Colbert retorted, tongue firmly in cheek, that it was unfair to play the Jesus card and that he couldn't debate the Bible with a nun. Luckily I have no such compunctions. What Sister Campbell claims to be doing is the Gospel. There really can be no argument about that. Jesus did live his daily life among the socially marginal, forming relationships and working for their benefit. Unfortunately, her contention that this is "all we do" is misleading. The Vatican is not complaining that the nuns are ministering to or forming relationships with homosexuals, divorcees, and other arguably marginal groups. The problem is that they are endorsing morally marginal behaviors.
It is necessary to remember Jesus' stated motivation for being among sinners: it's the sick who need a doctor. Jesus solution to morally marginal behavior was not to expand what was morally permissible but to rehabilitate sinners (a grace of which we are all recipients). When Christ steps in to defend the woman caught in adultery, apocryphal though the story may be, he does tell her "neither do I condemn you" but he concludes with the admonition "go and sin no more." It is critical in this discussion to realize that keeping the commands of love and forgiveness do not translate into a fluid morality.
That's the fundamental problem when people--take Carrie Underwood for example--try to say that their Christianity made them endorse homosexuality. It is possible, because people have done it, to make a number of reasoned (though I think fatally flawed) arguments that homosexuality is consistent with the Scriptures and the broader Christian ethos, though obviously not with the traditional testimony of the church universal. Stating matter-of-factly, however, that God wants everyone to love everyone ergo gay marriage is moral misunderstands love just as much as Sister Campbell misunderstands relationship. The question of whether or not gay marriage is morally permissible is distinct from whether or not we should love homosexuals or establish relationships with them.

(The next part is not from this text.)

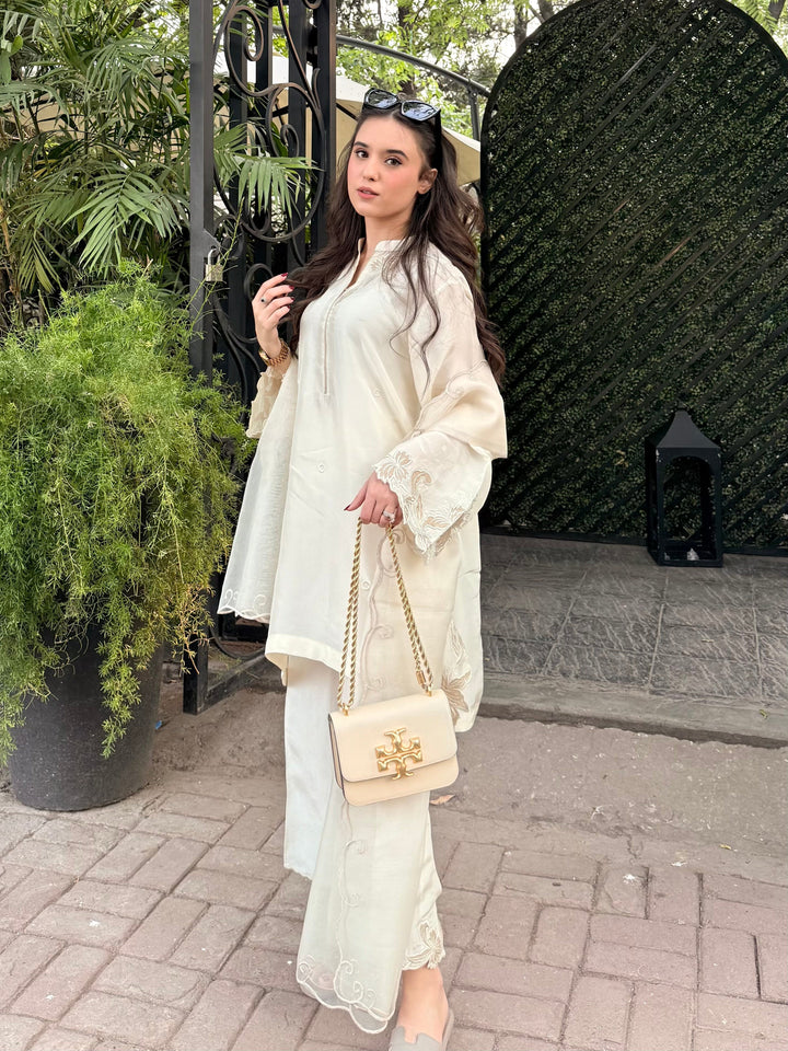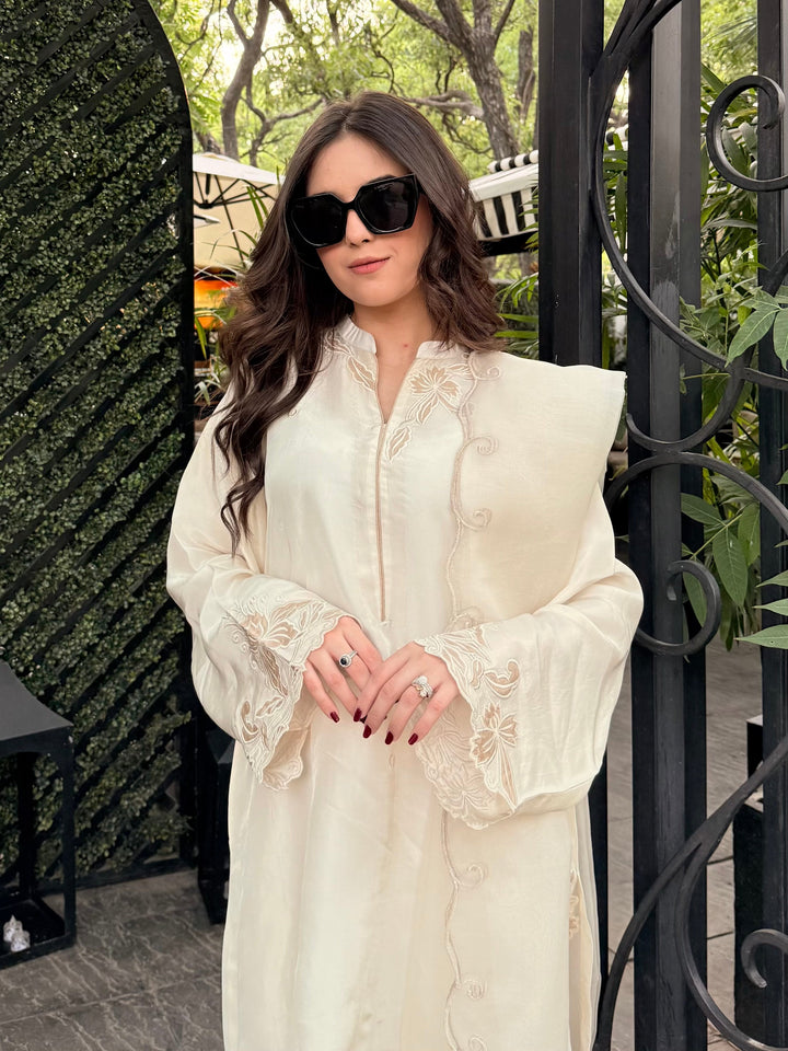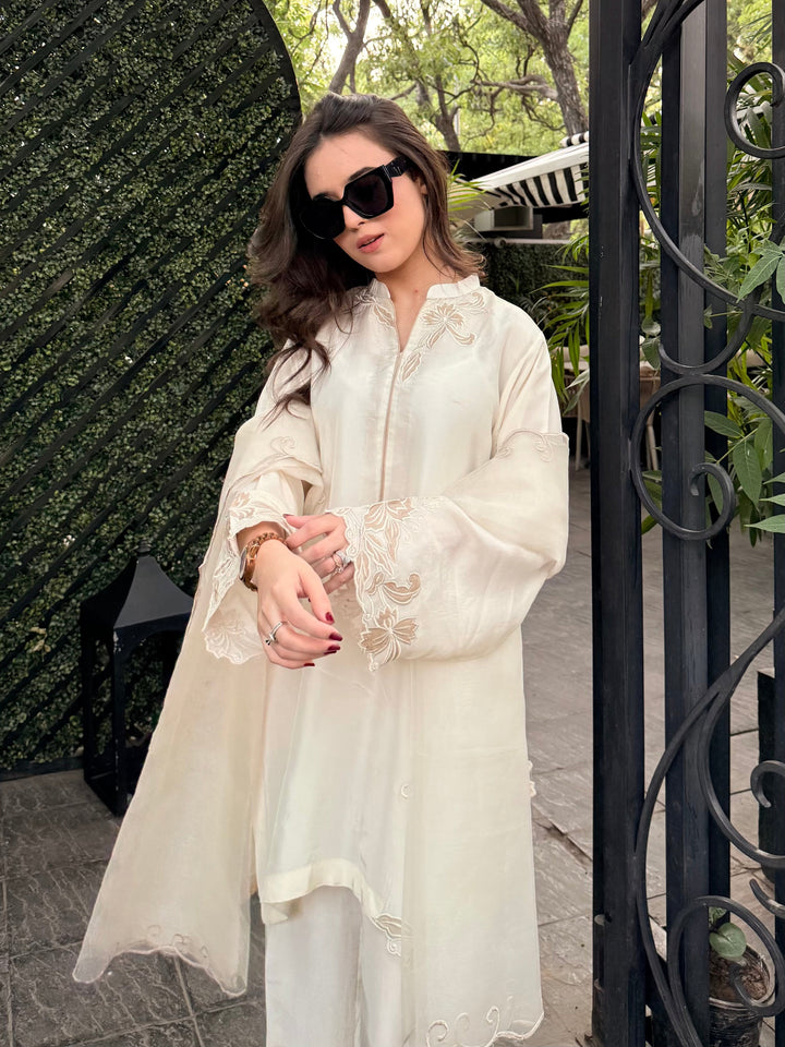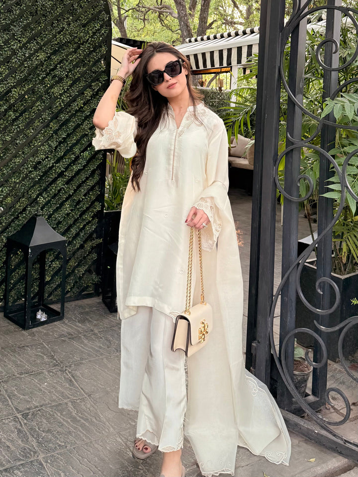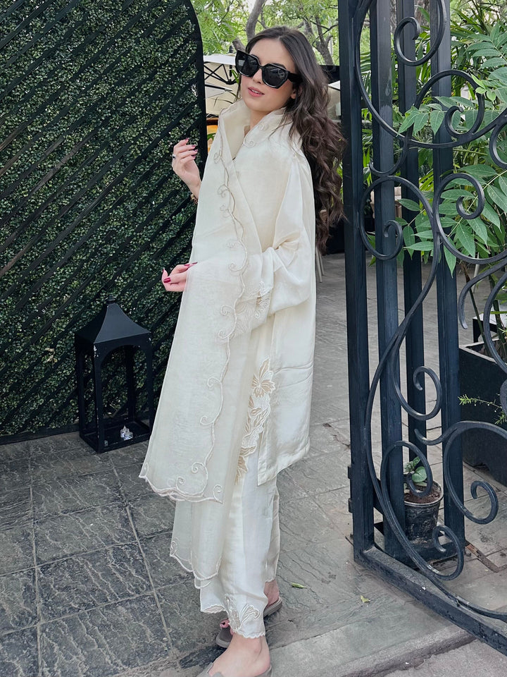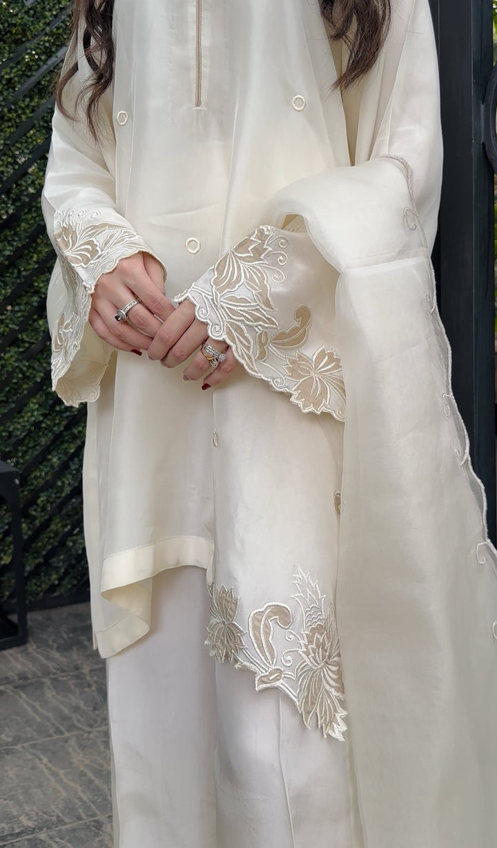 3 pc pearl white outfit shirt and trouser Made on Ramen silk paired with 2.75m pure organza dupatta

I, of course, have opinions on both issues which coincide neither with Sister Campbell nor Stephen Colbert's caricatured conservative. But those aren't really the point. The point is that the unthinking appeal to Jesus and the Gospel like a political slogan by both sides is shameful and, more importantly, unproductive. Jesus does not belong to a modern political party--just like he didn't belong to an ancient political faction--and the suggestion that Christianity endorses political positions is repugnant. At the very least, however, we should realize that God does not recognize the lines that we draw. Social liberals and social conservatives need to realize that they can both be Christians--flawed, finite, wrong more often than they're not Christians. When the Vatican says to its ecclesiastical subordinates, "You're not teaching what we believe" that is not sexism and it is not infidelity to the Gospel. It is a statement of fact. Meanwhile, when Sister Campbell says "We're faithful to the Gospel...that's all we do" it has all the grandiosity characteristic of self-delusion and unintentional falsehood.